E o mais objetivo são as classes e os partidos majoritários que a “representam”: as grandes forças burguesas e burocráticas. Logo depois disso entram no quadro de avaliação a vanguarda e suas organizações.

Isto mesmo vale para as relações gerais entre as massas e a vanguarda. Porque a vanguarda é, enfim, definitivamente, uma expressão específica da própria classe. Uma expressão que se refere, ao fim, a essa mesma classe, que é sempre o agrupamento maior.

Nahuel Moreno, nos anos 70 (em sua luta contra o guerrilheirismo), levava demasiado longe esta expressão (a extrapolava até quase dissolver a vanguarda) quando afirmava que a vanguarda era um “fenômeno” e que a classe era o objetivo, o que sempre persistia, o “ser ou essência” da coisa.

Mas, se havia uma grama de verdade nesta afirmação, o problema estava em que depois o morenismo se caracterizou por cometer um erro simétrico pelo lado oposto: perder de vista a importância estratégica da luta na vanguarda como uma engrenagem indispensável do partido revolucionário, como uma “alavanca” indispensável para o acesso às massas maiores (aquelas que não podem ser conquistadas de maneira orgânica a não ser pela ação da vanguarda mesma, seus organismos e partidos).

A vanguarda é uma alavanca para que o partido conquiste as massas. No entanto, a formulação da política deve sempre remeter – para que seja correta – às tarefas colocadas pelas mesmas classes sociais na arena dos grandes acontecimentos.

Se não for assim essa política será estéril, taticista, carecendo de verdadeira força material.

Oportunismo e sectarismo

Vejamos agora a consequência do que estamos assinalando na hora da formulação de uma política revolucionária.

Regra geral, o oportunismo em política significa adaptar-se passivamente às circunstâncias, não ter uma abordagem crítica destas, algo que resulta em renunciar a transformá-las.

O não adaptar-se à realidade (algo que não nega que devamos partir dela tal e qual é) se expressa na forma revolucionária em que intervimos, a partir de uma posição estratégica, que os meios devam ser adequados aos fins, que os passos que damos devem servir ao objetivo da transformação social.
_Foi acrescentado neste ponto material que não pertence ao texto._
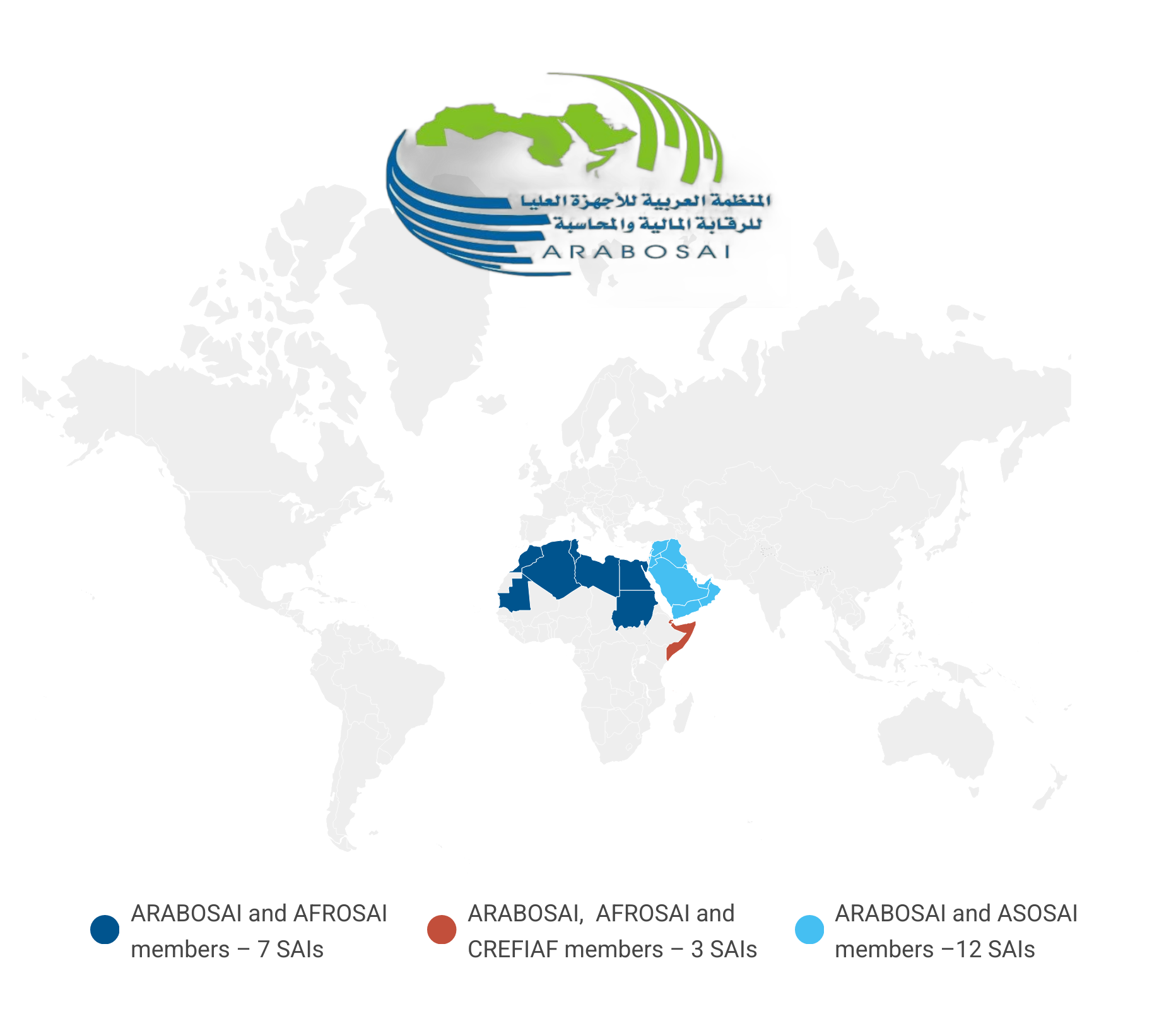 ARABOSAI has 22 members in total, of which 10 are in Africa and 12 in Asia. These members vary in terms of SAI models, size, and level of development. The SAIs of Comoros, Djibouti and Somalia are members of ARABOSAI, but due to language, they participate in IDI-CREAFIAF initiatives.

A partir disso, fica claro que não podemos fazer, por exemplo, frentes eleitorais com qualquer força (somente são admissíveis frentes de independência de classe), ou que não podemos adotar uma estratégia de obter cargos parlamentares renunciando à nossa política revolucionária.

O sectarismo, por sua parte, significa crer que a política pode ser formulada independentemente das circunstancias de tempo e lugar: ou seja, sob um enfoque que poderíamos chamar de um “laboratório” abstrato, geral.
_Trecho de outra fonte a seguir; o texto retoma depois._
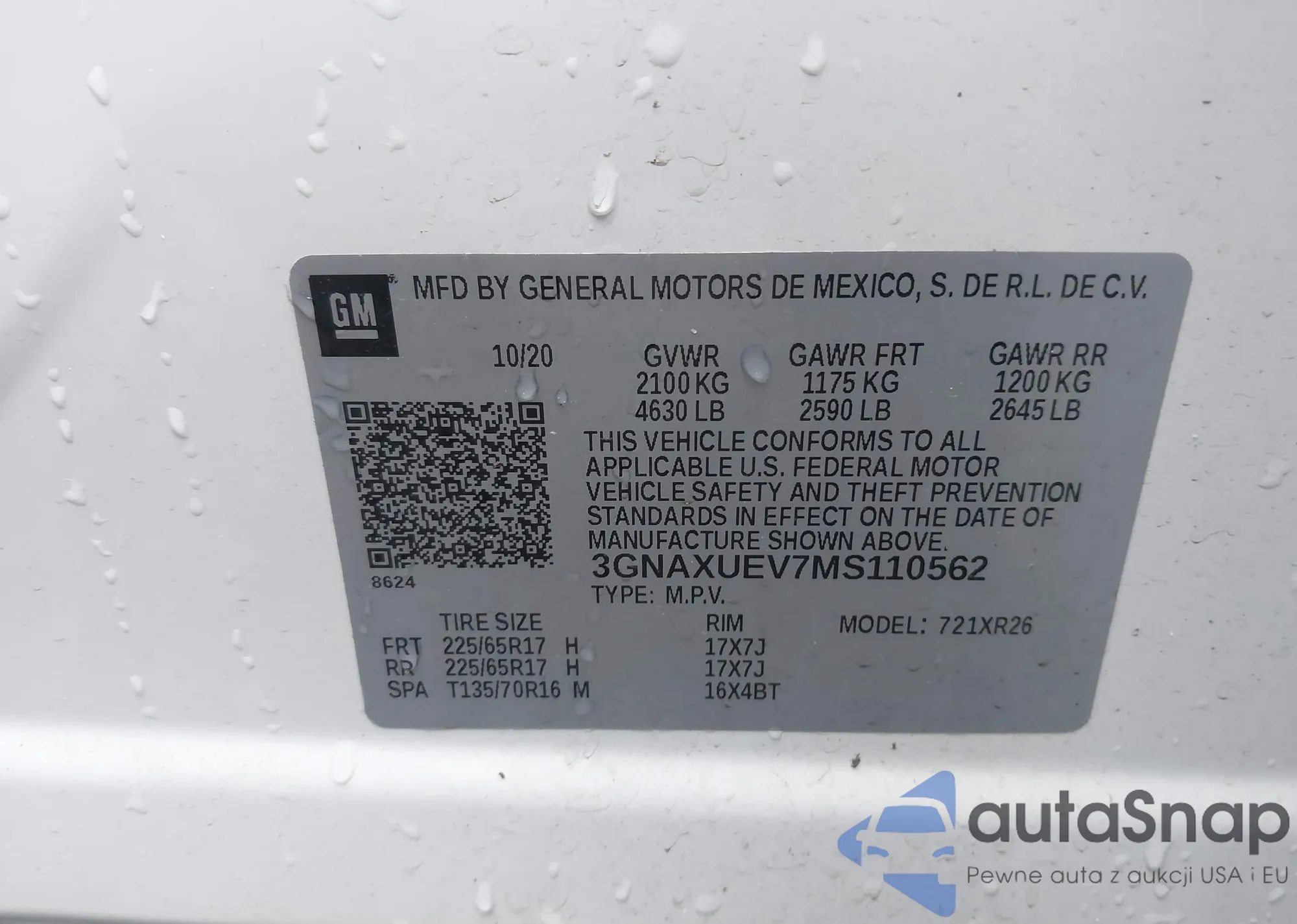 Автомобиль Chevrolet Equinox 2021 (VIN 3GNAXUEV7MS110562) имеет документы, препятствующие регистрации. Могут возникнуть сложности при экспорте и регистрации. Обратитесь к экспертам AutaSnap для поиска альтернатив.

O erro de não partir do mais objetivo, das condições mais gerais, pode expressar-se na hora de formular uma política que não seja regida pelas grandes forças de classe, senão somente pela disputa na vanguarda; ou que confunda o conteúdo de nossa política (inegociável) com a forma acessível, ou flexível, de formulá-la para os mais amplos setores.

A política revolucionária não é sectária, nem oportunista, é revolucionária. Parte criticamente da realidade, das condições tais quais são, mas sempre para transformá-la. Apoia-se nos elementos mais dinâmicos para combater os mais conservadores. E arranca sempre de um diálogo com nossa classe para tentar formulá-la da maneira mais acessível possível (nunca para adaptá-la ao nível estritamente reivindicativo ou sindicalista).

Assim, nossa política não é de laboratório, não é doutrinária, forja-se na realidade da luta cotidiana de nossa classe, partindo das condições tais quais são e aposta sempre em transformá-las.